一番のやりがいは、ご入居者の「ありがとう」
仕事をしていて一番うれしかった瞬間を尋ねてみました。
「入社してすぐのころ各居室へ挨拶回りをした時のことを、あるご入居者が覚えていてくれて、『すごく立派になったね』って言ってもらえたんです。ちゃんと見てもらえてるんだって思って、本当に嬉しかった。いろんな人に『こんな風にほめてくださいました』」って話して回りました(笑)」
また、夜勤中の巡回で転倒されているご入居者を発見し対応した時の経験も、忘れられない出来事の一つだそうです。
翌朝、その方から「夜、来てくれて本当にありがとう」と何度も感謝の言葉をいただいたそうです。
「こんな自分でも役に立てたんだという実感がありましたし、自分の対応は間違っていなかったんだという自信にもつながりました」
その経験をとおして、介護の仕事のやりがいを強く感じたそうです



就活中のみなさんへ
最後に、就職活動中の方へメッセージをもらいました。
「ぶれない軸を自分の中で決めて、それに沿って進めば、自然と道が見えてくると思います。

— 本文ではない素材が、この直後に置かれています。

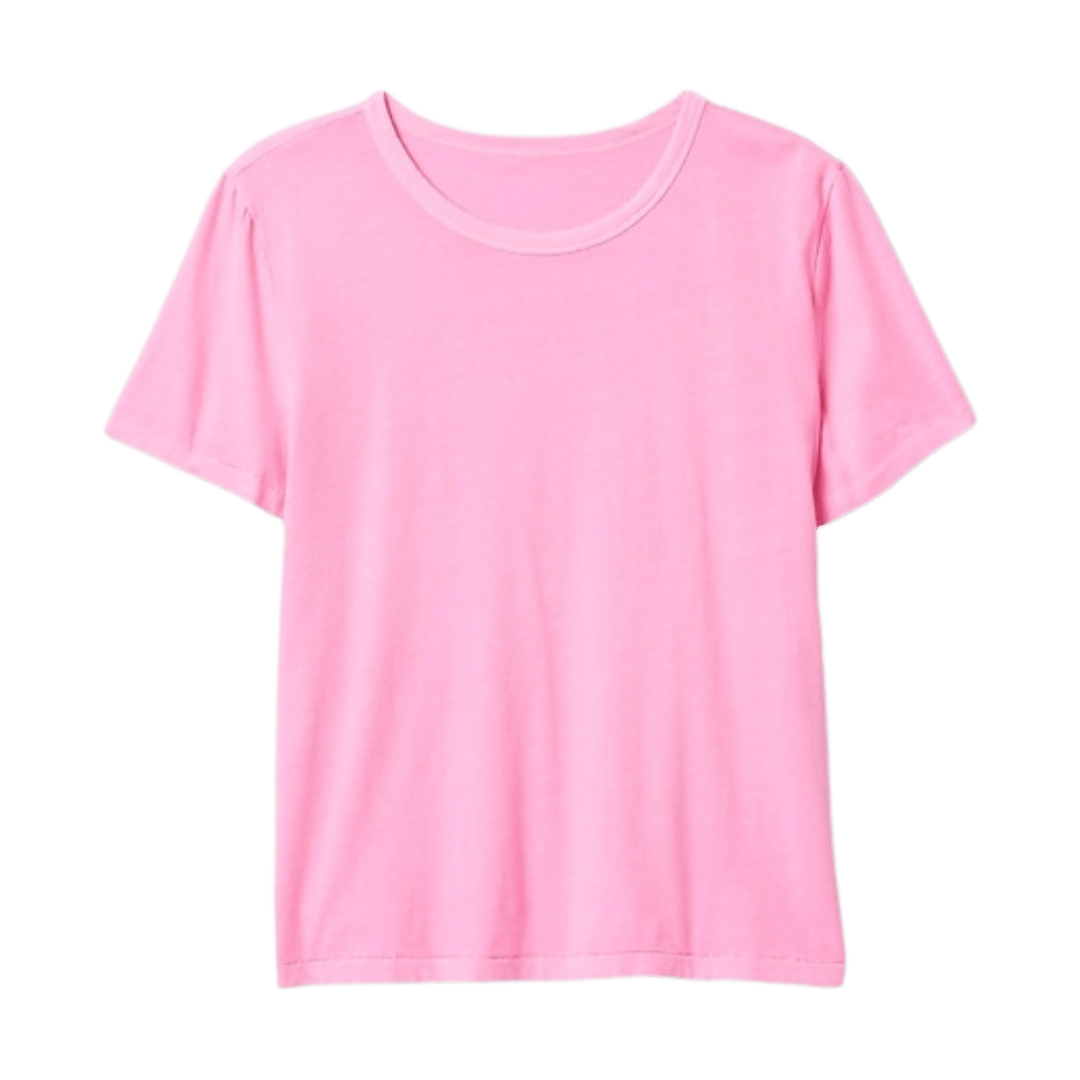 A pretty pink top that fits just right: not too tight or too loose. Gap Organic Cotton VintageSoft T-Shirt, $20. Size XXS to XXL.

私は『寄り添える介護をしたい』という軸を持って就活をしました。」
介護の仕事は、決して簡単ではありません。しかし、かたやまさんの経験から伝わってくるのは、不安や失敗を乗り越える中で得た自信と、ご入居者お一人おひとりと向き合うことで生まれる仕事への誇りです。
「自分にできるだろうか」と悩みながら一歩踏み出そうとしている就活生のみなさん。その不安も、成長するための大切な一歩になるのかもしれません。